Germany once more 'the sick person of Europe'
Writer: Liu Jianwei | Editor: Zhang Chanwen | From: Original | Updated: 2024-02-19
Germany's Gross Domestic Production, or GDP, contracted by 0.3% in 2023, compared with a 0.5% growth for the whole euro area, which includes 19 other countries that use the euro currency. With a contraction of 0.3% in Q4, the country narrowly skirted a technical recession due to an upward revision to its reading for Q3 at 0%.
Newly released macroeconomic data has confirmed that the German economy is still struggling. Industrial production declined by 1.6% in December on a monthly basis, and was down 1.5% in 2023 overall compared to the previous year. Exports — a key driver of the German economy — fell by 4.6% in December. Overall exports were down 1.4%, or 1.562 trillion euros (US$1.68 trillion) in 2023.
Germany was first labeled as “the sick person of Europe” in the late 1990s and the early 2000s. Germany’s economic growth averaged only about 1.2% per year from 1998 to 2005, with a recession in 2003. In contrast, the European Union (EU) as a whole grew by 2.32% annually in the same period; and even in 2003, the EU economy logged a growth of 0.91%. Unemployment rates in Germany rose from 9.2% in 1998 to 11.1% in 2005.
Politically a great victory, unification with the former East Germany turned out to be a huge shock to the German economy in the 1990s, with huge fiscal burden weighing heavily on its economic development. Other factors for the laggard performance were the decline in its construction sector and a rigid labor market in Germany.
Two decades later, Germany was once again mired in economic contraction, only this time for totally different reasons. High energy prices contribute immensely to the decline of the German economy. Germany and Russia used to have complimentary bilateral trade ties: Russia provided Germany with cheap energy and Russia imported a great deal of German industrial output.
Russian oil, coal, and natural gas not only provided cheap energy to German households, but also served as the major energy source for many industrial sectors in Germany. In 2021, Russia supplied 34.1% of all oil consumed in Germany, and Germany imported 55% of its natural gas and almost 50% of its hard coal from Russia.
Since the start of the war in Ukraine, Germany has opted to phase out its energy dependence on Russia and switched to much more costly sources. Take natural gas for instance: Germany has stopped using pipelines that cost tens of billions of euros to build, and has then switched to expensive liquefied natural gas (LNG) imports from the U.S., United Arab Emirates, and other countries.
High energy bills bite into German households’ consumption, and high energy costs cause many businesses to lose money or become less profitable. Inflation in Germany has been running more rampant than in most of its European neighbors. High financing costs resulting from high interest rates also cost the private sector much of its purchasing power.

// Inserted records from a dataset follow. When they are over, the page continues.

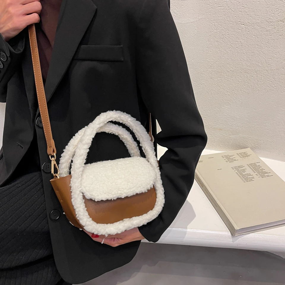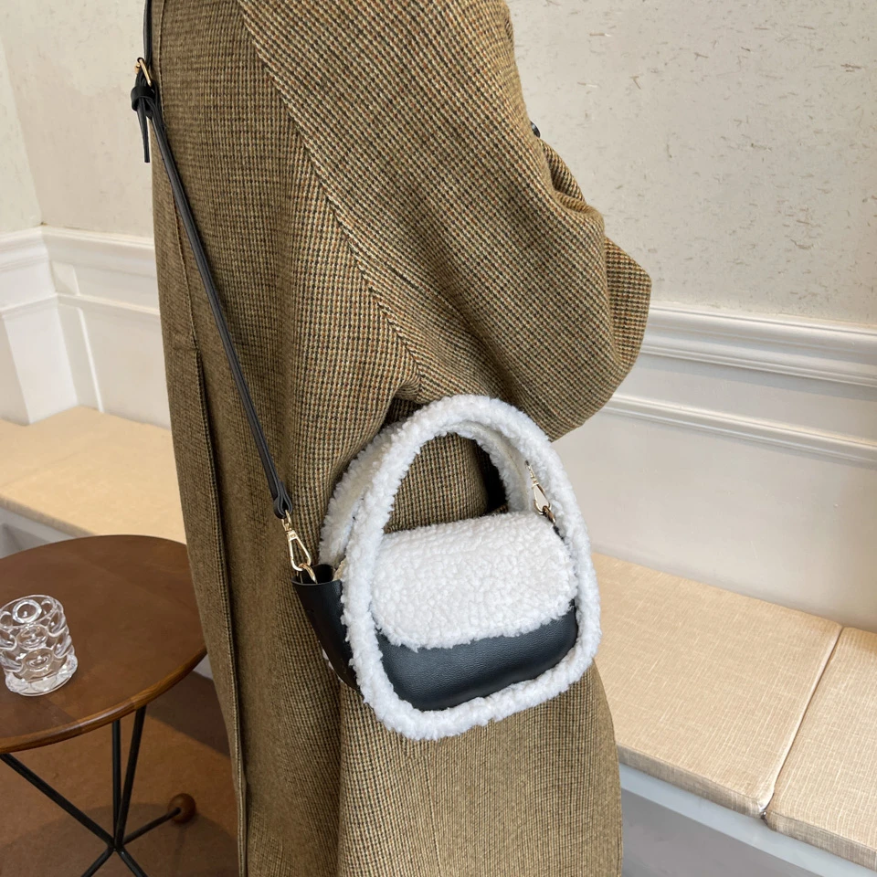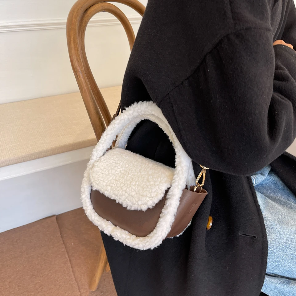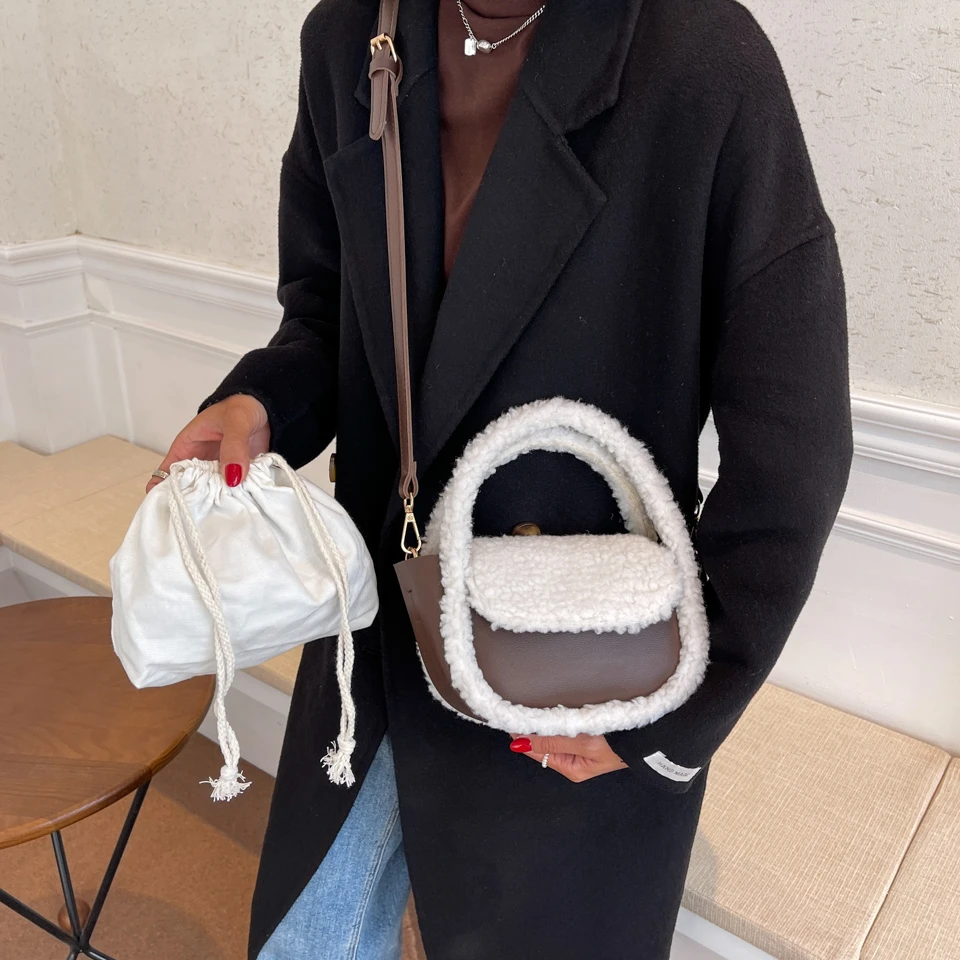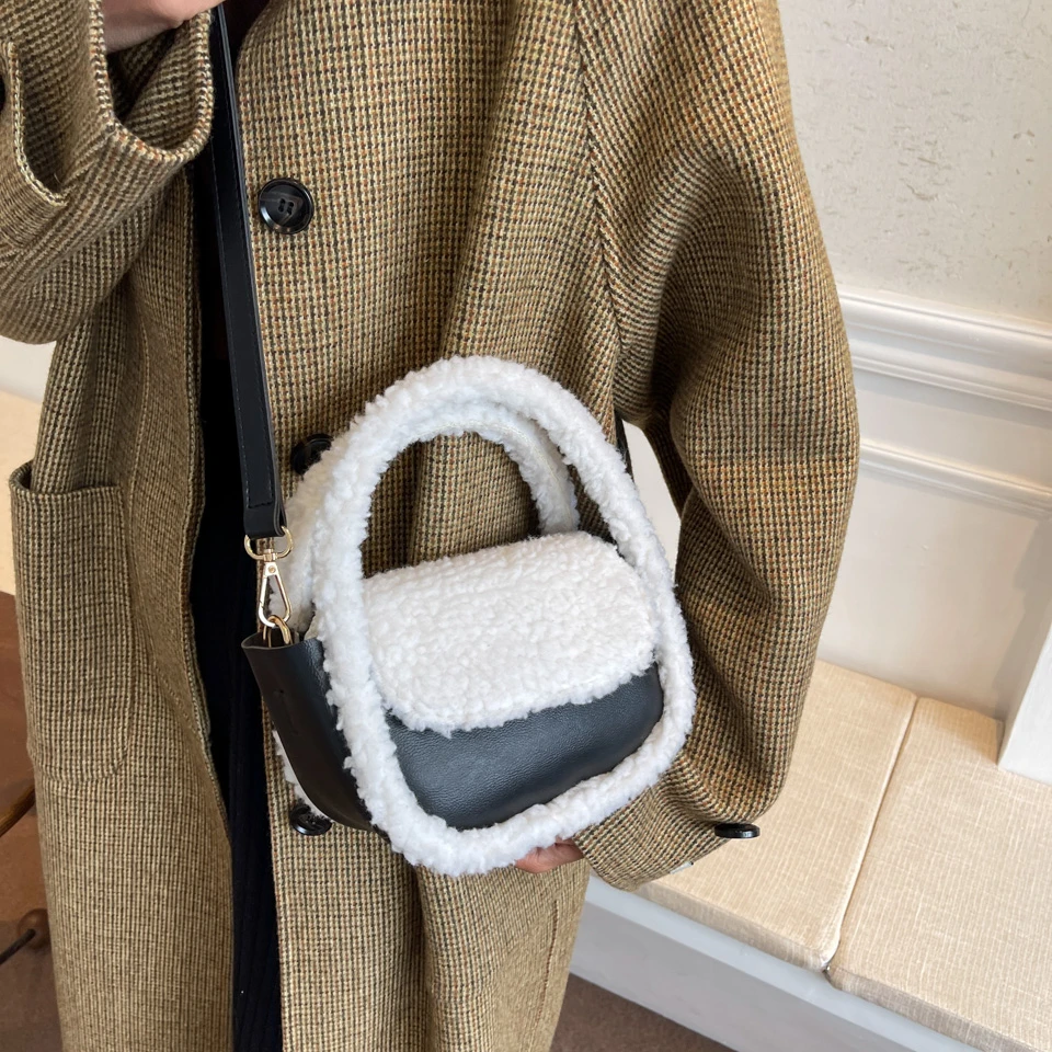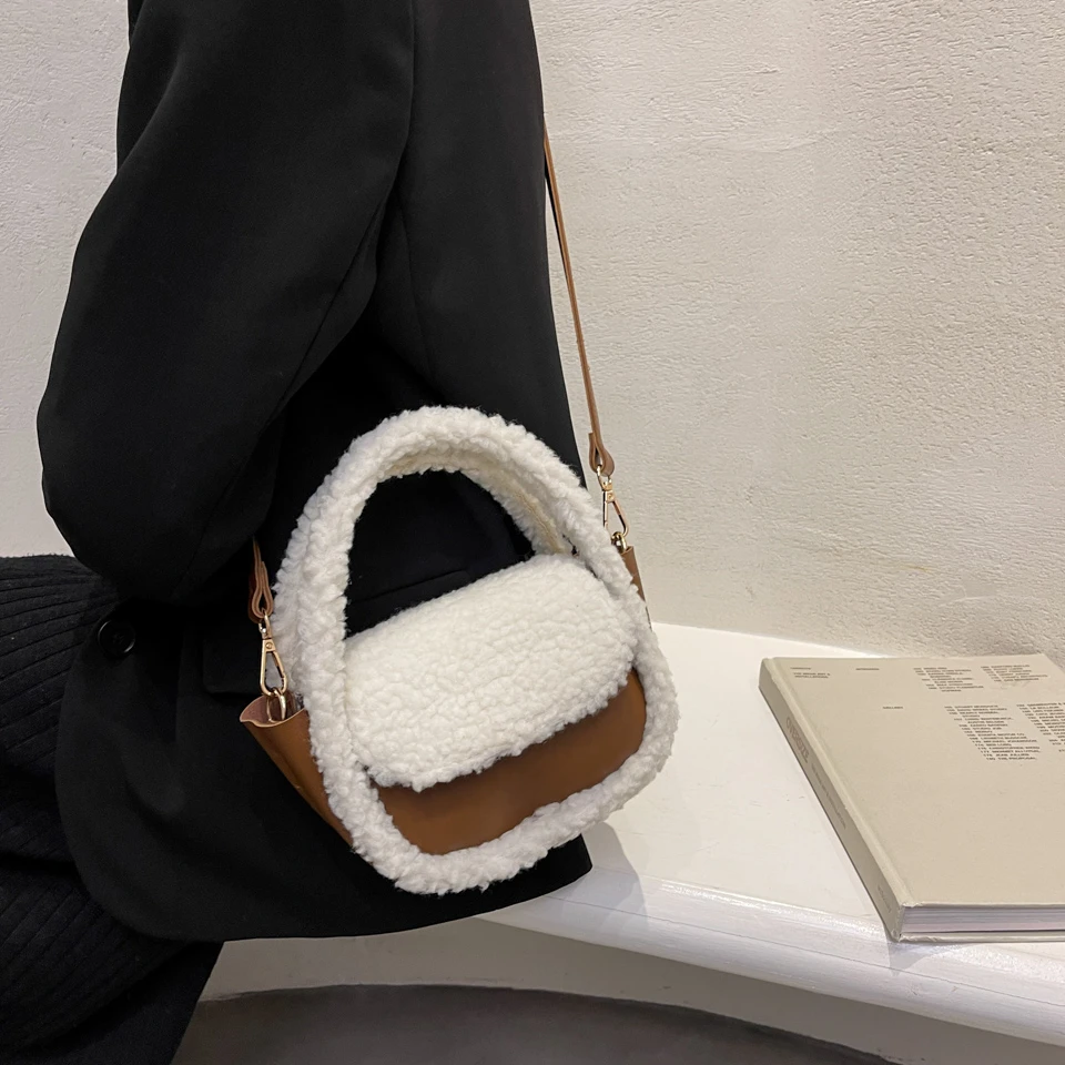Шикарная Пельменная сумка, мягкие пушистые сумки для женщин, зима 2021, плюш + PU, сумка-тоут, меховая сумка с клапаном, корейская мода, меховые сумки на плечо
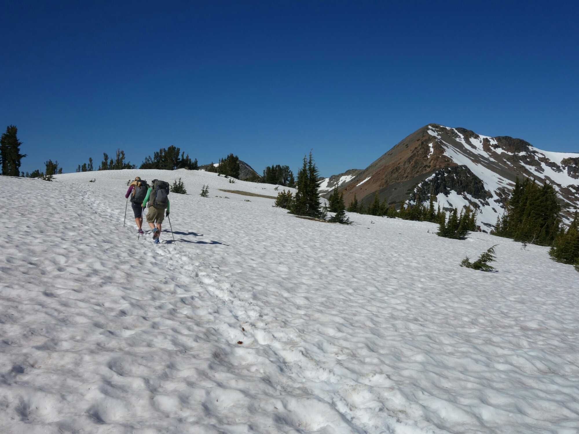 Dick’s Pass didn’t have nearly as much snow as we had been hearing about for days. It must be melting fast. We sat on top for about an hour. Cell service makes one do that. Plus more PCT thruhikers walked by.
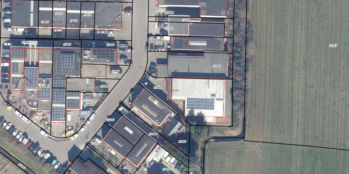 Castricummer Werf 16 is gelegen op kadastraal perceel CTC00B10994. Deze kadastrale aanduiding is uniek en wordt gebruikt door het Kadaster om eigendomsrechten en andere zakelijke rechten vast te leggen. Het perceel maakt onderdeel uit van de kadastrale gemeente Castricum.
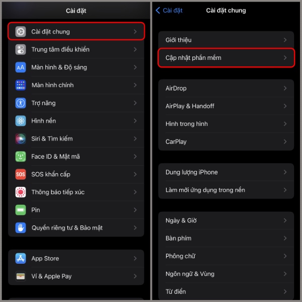 Bước 1: Trên điện thoại iPhone, bạn mở vào Cài đặt > chọn Cài đặt chung > chọn Cập nhật phần mềm.
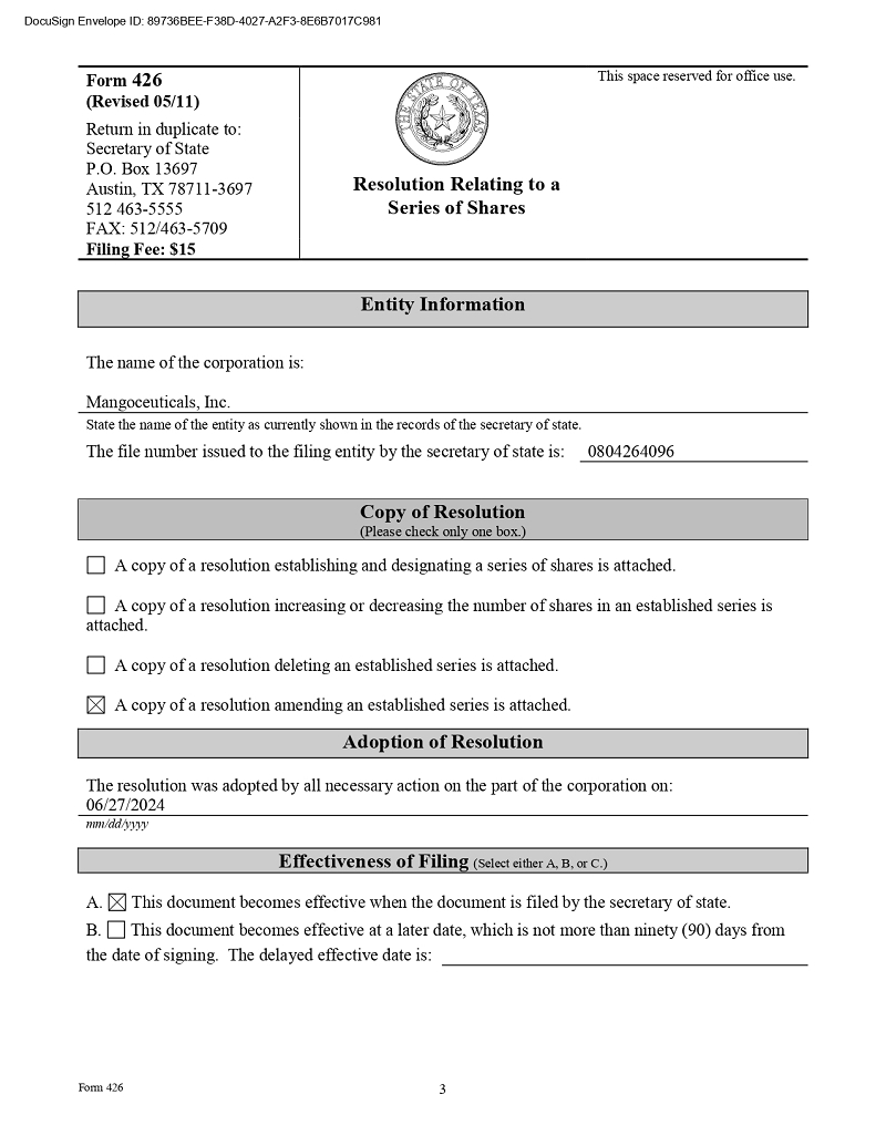Mangoceuticals, Inc., a Texas corporation (the “Company”), hereby certifies that the following resolution was adopted by (a) the Board of Directors of the Company (the “Board of Directors”); and (b) the sole shareholder of the Company’s outstanding Series B Convertible Preferred Stock (the “Majority Stockholder”), pursuant to Sections 21.155 and 21.364(g) of the Texas Business Organizations Code.
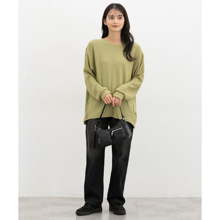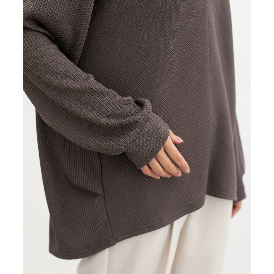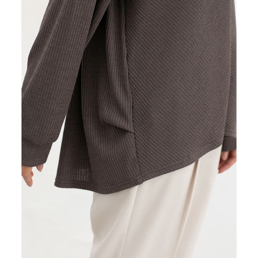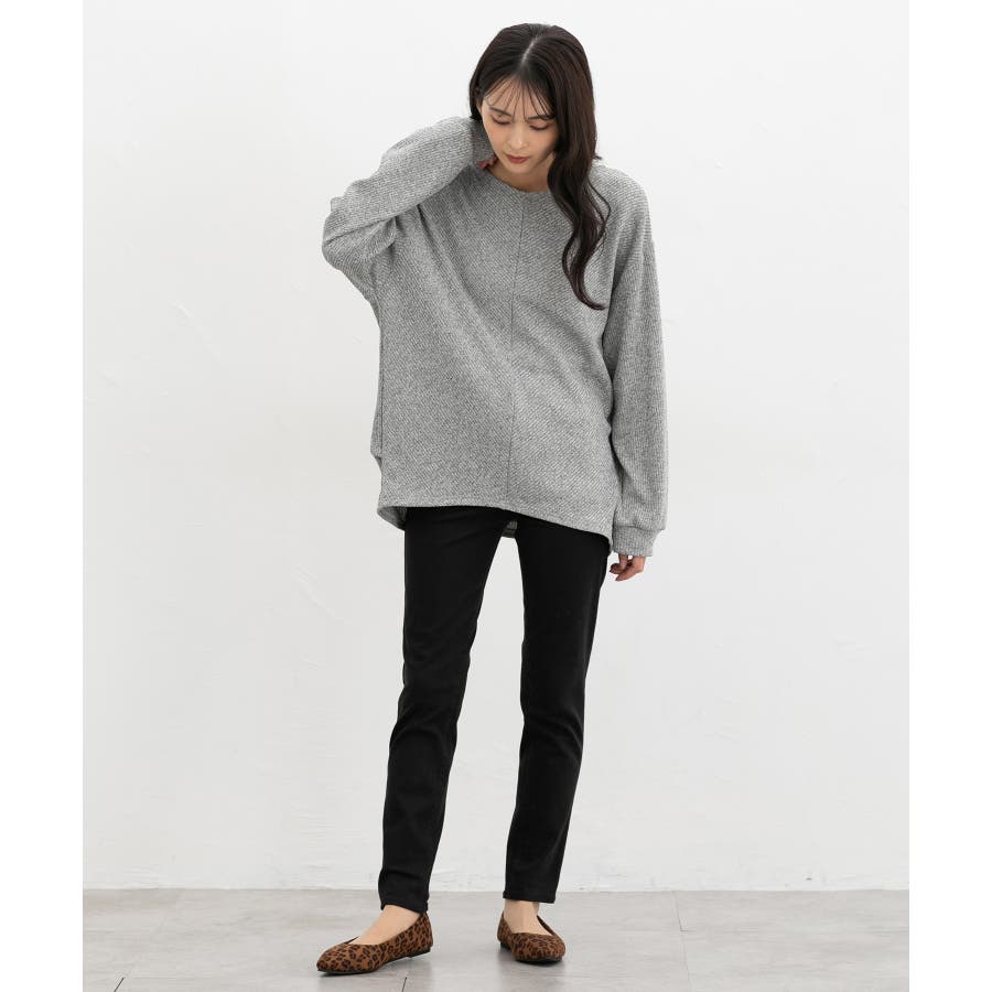 ゆったりした幅と、後ろラウンドのヒップまで隠れる丈感で体型もカバー。

The public sector is not faring better. High energy subsidies strip the government of enormous funds that could have been better allocated, into infrastructure, high technology, or social welfare. Germany’s energy support measures came into effect at the start of 2023 and will last until this April with a hefty price tag of 99 billion euros.
War and defense spending are also taking a toll on the German economy. Three days after the Ukrainian war started in 2022, Chancellor Olaf Scholz proposed the famous 100-billion-euro Zeitenwende special fund dedicated to bulking up German military and defense capabilities. German defense budget for 2024 is 51.8 billion euros, at least 2% of its GDP.
Funding the war in Ukraine is a costly political and military maneuver. The war in Ukraine has already siphoned over 27.8 billion euros from Germany’s federal budget, according to the information released by its foreign affairs office.
Politicians in Berlin, as well as through their spokespersons in Brussels, prioritize the display of political and military prowess in the international limelight over the demands and needs of German citizens and businesses.
Export is a key driver of the German economy. High energy costs lead to high prices of finished German industrial products, making them less competitive in the international markets. Prior to the war in Ukraine, Russia imported 26.7 billion euros worth of goods and services from Germany in 2021. Due to its own sanctions, Germany saw its exports to Russia decrease by 66.7% to only 8.9 billion euros in 2023.
Demand from Germany’s main trading partner, China, has also been subdued. German industrial counterparts and competitors in China are catching up quickly in terms of technology and manufacturing. Although premium German brands, such as those of automakers, still have a loyal customer base in China, more and more Chinese consumers have been attracted to the functionality and value-for-money proposal of their domestic champions.
There are also other underlying problems that are hard to fix. Germany has an aging population, at one of the fastest paces in the whole world. The share of people of working age (15-64 years old) has rapidly declined from 69% to 64% in the decade up to 2021. The high corporate tax rate is another structural issue that will persist in its economy. Looking ahead, none of the aforementioned headwinds against the German economy are going to recede quickly. Commerzbank chief economist Jörg Krämer and his team forecast that “the German economy will shrink by 0.3% in 2024 as a whole.”